Apa yang sudah Dilakukan
Sebelum tahun 1980an,
penelitian, khususnya di perguruan tinggi langsung dilaksanakan di
masing-masing perguruan tinggi dengan berbagai variasinya. Semenjak tahun 1984
dana penelitian dari Dikti sampai tahun 1987, dana penelitian sangat terbatas
berturut-turut hanya untuk 146, 32, dan 10 judul saja dengan dana sekitar
300.000/judul.
Dimulai tahun 1988/1989 melalui
dana pinjaman Bank Dunia XXI diperkenalkan untuk pertama kali model penanganan
penelitian PT secara kompetetif. Program penelitian yang pertama kali
diperkenalkan adalah penelitian Berbagai Bidang Ilmu (BBI). BBI terbuka untuk
dosen dimana saja dan dengan bidang ilmu apa saja. Penelitian ini disebut juga
dengan penelitian dosen muda dan ketika program WB berakhir penelitian BBI ini
berubah nama menjadi penelitian dosen muda dengan dana rupiah murni. Hingga 2001
telah didanai sebanyak 11.125 penelitian dengan total pendanaan 51.350.000.000.
Belum ada penelitian komprehensif tentang output
dan outcome penelitian yang telah
dilakukan selama kurun waktu itu. Dalam Pendidikan Tinggi Indonesia dalam
Lintas Waktu hanya disebutkan impact
untuk kontek seting sosial terbatas, yaitu menumbuhkan budaya meneliti pada
peneliti muda.
Salah satu evaluasi waktu itu
adalah dana penelitian model BBI dengan hanya 4-5 juta perjudul penelitian
diaanggap jumlah yang kecil untuk menghasilkan sesuatu yang besar, maka pada 1992 lagi-lagi dengan menggunakan dana
WB meluncurkan program penelitian hibah bersaing dengan orientasi pada produk,
apakah itu prototype, varietas
unggul, termasuk juga konsep, metodologi, kebijaksanaan dsb.
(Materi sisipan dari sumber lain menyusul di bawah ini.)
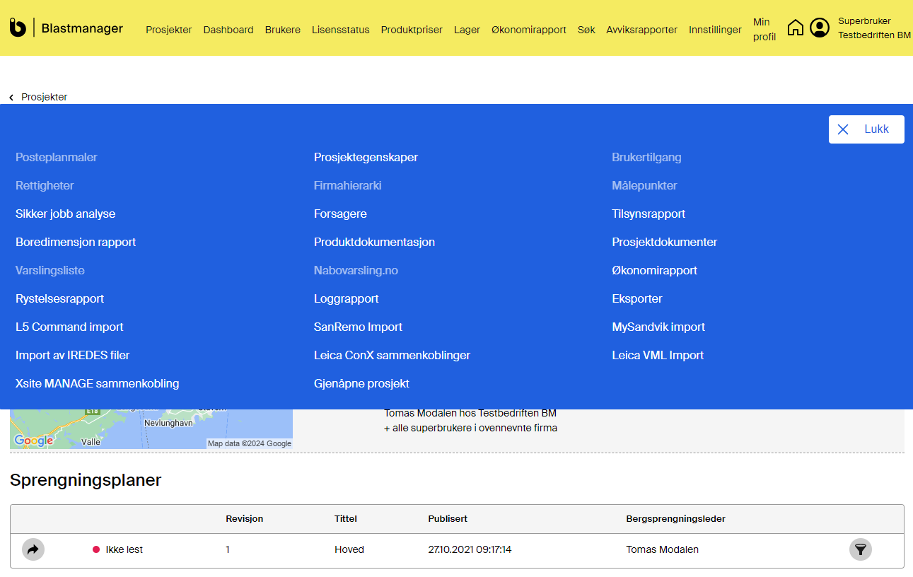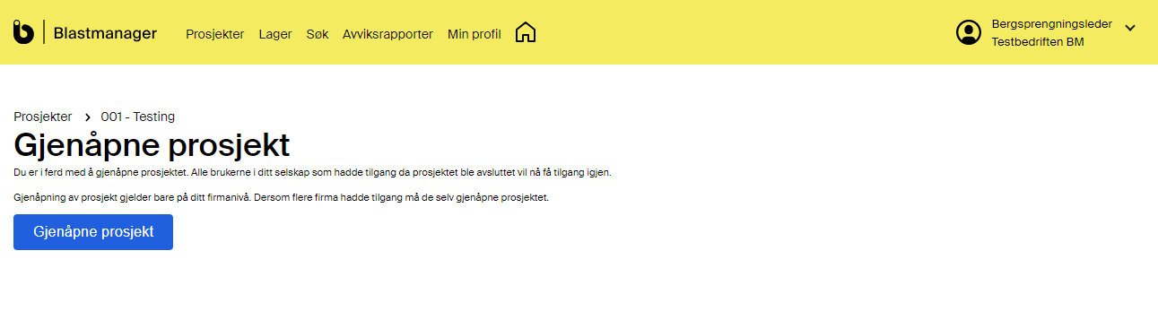 Det kan være at et avsluttet prosjekt starter opp igjen eller at du vil gjøre endringer i et allerede avsluttet prosjekt. Som Superbruker og Bergsprengningsleder har du derfor mulighet til å gjenoppta avsluttede prosjekter.
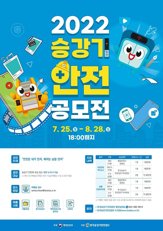 - 우수 2명(또는 팀) : 한국승강기안전공단 이사장상, 50만원

Jumlah dana per
judul penelitian adalah 40-60 juta per tahun dan bersifat multi year. Dengan
modalitas baru ini, guru besar/S 3 serta dosen yang berasal dari UI, IPB, ITB
dan UGM tidak boleh lagi mengajukan usulan ke BBI. Inilah awal dimulainya di
diknas suatu penelitian bergengsi dengan system kompetisi berjenjang. Dari
hibah bersaing satu hingga sembilan telah dikeluarkan dana hampir Rp. 80 Miliar
untuk 2.889 judul penelitian.
Dari penelitian hibah bersaing
ini ada beberapa evaluasi yang dihasilkan, diantaranya
a. Setiap
judul rata-rata digunakan untuk membimbing 4.3 mahasiswa S 1, 0.8 S2 dan 0.3
S3, menghasilkan rata-rata 1.0 seminar di dalam negeri dan 0.33 seminar di luar
negeri.
b. Setiap judul rata-rata memerlukan biaya
Rp.111.7 juta atau Rp 42 juta per tahun
c. Dalam
hibah ini melibatkan peneliti utama yang guru besar 11 per sen, S3 54 Per sen,
S2 28 Per sen dan S1 7 per sen.
Semenjak tahun 1995, Diknas juga memiliki program penelitian yang dikaitkan
dengan pembinaan program pascasarjana, yaitu program university Research For Graduate Eduacation (URGE) dengan dana 70
per sen dari pinjaman Bank Dunia dan 30 per sen dari rupiah murni. Penelitian
atau disebut sebagai Research Grant sebagai bagian dari
komponen URGE terdiri dari team research
dan young academic program. Team research diusulkan oleh guru besar/tim pembimbing dengan
mencantumkan mahasiswa S2/S3 yang akan dihasilkan dari penelitian. Sementara young academic adalah program penelitian
doctor baru, 1-2 tahun kembali dari pendidikan sebagai after care mengisi waktu penyesuaiaan. Program dengan skema pendanaan seperti
disebutkan berjalan selama kurang lebih lima tahun dan selanjutnya dilaksanakan
dengan rupiah murni.[8]
Saat ini dikti, program
penelitian yang eksis (hampir semuanya kompetitif, kecuali beberapa diantaranya
seperti hibah kompetensi) yaitu program hibah penelitian RAPID[9],
Hibah penelitian fundamental, hibah penelitian kerjasama perguruan tinggi
(PEKERTI)[10], hibah
penelitian hibah bersaing, penelitian dosen muda dan studi kajian wanita[11],
hibah Penelitian Pasca Sarjana.
Pada tahun 1993, bersamaan
dengan meluncurnya berbagai program penelitian Diknas, Kantor Menristek meluncurkan program yang
sejenis yaitu Riset Unggulan Terpadu (RUT) dan Riset Unggulan Kemitraan (RUK),
kemudian Riset unggulan Strategi Nasional. KMNRT tidak hanya melibatkan
LPND-LPND koordinasinya, tapi juga mengikutkan perguruan tinggi dalam
memanfaatkan skim-skim penelitian yang ada. KMNRT juga memiliki program RUTI.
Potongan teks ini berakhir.